▶ Exercise
The data below should be transcribed in full, with no picture included.

▶ Material provided
——
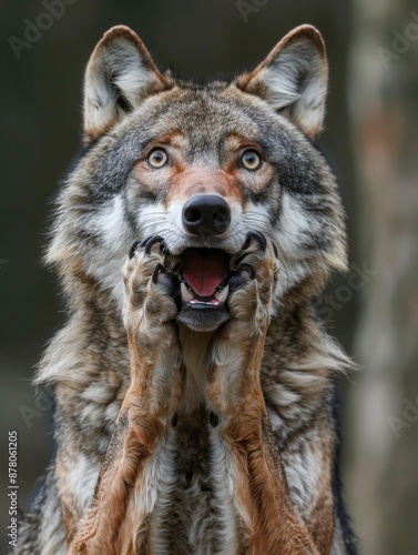 © Vladimir, Obraz premium Very surprised wolf with open mouth
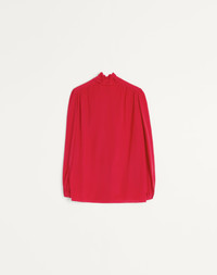 Crepe De Chine long-sleeved shirt - Bow detail with ruffles at the neck - Front button fastening - Crepe de Chine (100% Silk) - Unlined - Length: 70 cm / 27.6 in. from the shoulders in an Italian size 40 - Sleeve length: 83 cm / 32.7 in. from the center back in an Italian size 40 - The model is 176 cm / 5'9" tall and wears an Italian size 40 - Made in Italy The look of the model is completed by a Valentino Garavani Viva Superstar Bag and Valentino Garavani Bowow Shoes. Product code: 6B3AB77590F_R9M
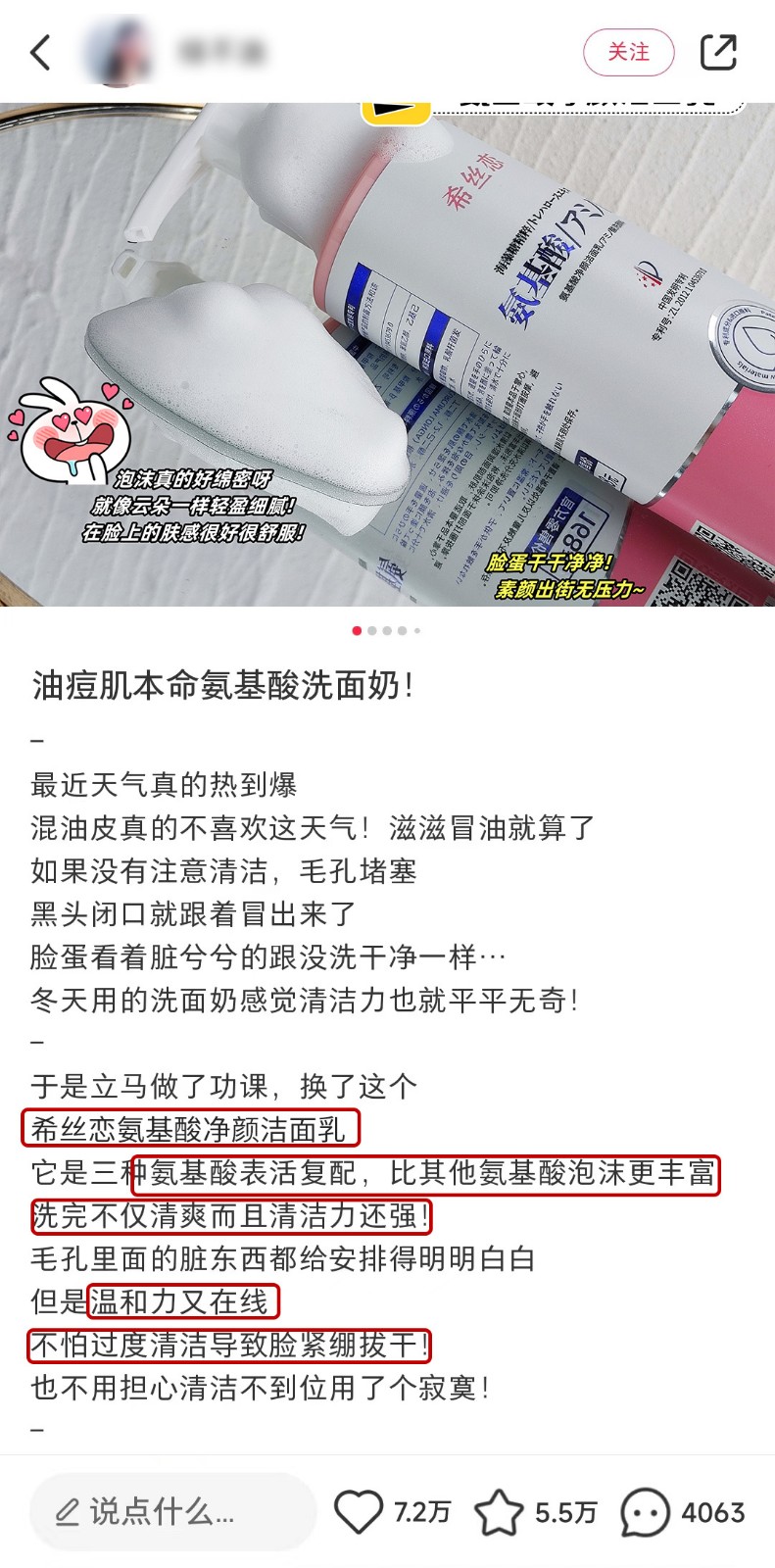 希丝恋-氨基酸净透洁面乳(发圈素材)
——
▶ Answer below
 © Vladimir, Obraz premium Very surprised wolf with open mouth
 Crepe De Chine long-sleeved shirt - Bow detail with ruffles at the neck - Front button fastening - Crepe de Chine (100% Silk) - Unlined - Length: 70 cm / 27.6 in. from the shoulders in an Italian size 40 - Sleeve length: 83 cm / 32.7 in. from the center back in an Italian size 40 - The model is 176 cm / 5'9" tall and wears an Italian size 40 - Made in Italy The look of the model is completed by a Valentino Garavani Viva Superstar Bag and Valentino Garavani Bowow Shoes. Product code: 6B3AB77590F_R9M
 希丝恋-氨基酸净透洁面乳(发圈素材)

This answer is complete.